§ **Dataset**

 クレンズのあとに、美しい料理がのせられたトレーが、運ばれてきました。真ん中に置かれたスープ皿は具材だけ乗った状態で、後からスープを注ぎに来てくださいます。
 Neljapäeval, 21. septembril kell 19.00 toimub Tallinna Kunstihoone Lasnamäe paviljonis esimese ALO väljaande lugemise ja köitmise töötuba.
==
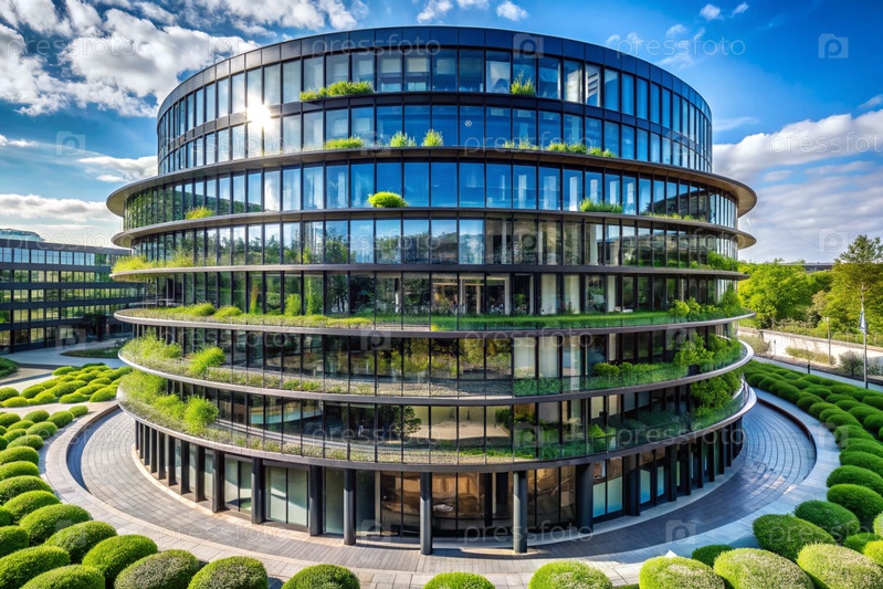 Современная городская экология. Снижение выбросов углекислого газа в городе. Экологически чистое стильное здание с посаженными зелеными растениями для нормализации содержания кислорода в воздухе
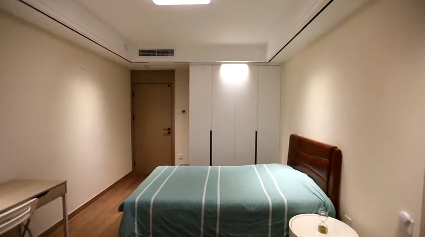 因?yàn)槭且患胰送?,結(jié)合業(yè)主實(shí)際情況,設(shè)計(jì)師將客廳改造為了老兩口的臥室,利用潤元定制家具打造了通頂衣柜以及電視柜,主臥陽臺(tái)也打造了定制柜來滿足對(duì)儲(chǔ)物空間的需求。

§ **Activity**
Write down, word for word, the lines above from the one containing "クレンズのあとに、美しい料理" through the one containing "Neljapäeval, 21. septembril", both ends included.

§ **Exercise answer**
 クレンズのあとに、美しい料理がのせられたトレーが、運ばれてきました。真ん中に置かれたスープ皿は具材だけ乗った状態で、後からスープを注ぎに来てくださいます。
 Neljapäeval, 21. septembril kell 19.00 toimub Tallinna Kunstihoone Lasnamäe paviljonis esimese ALO väljaande lugemise ja köitmise töötuba.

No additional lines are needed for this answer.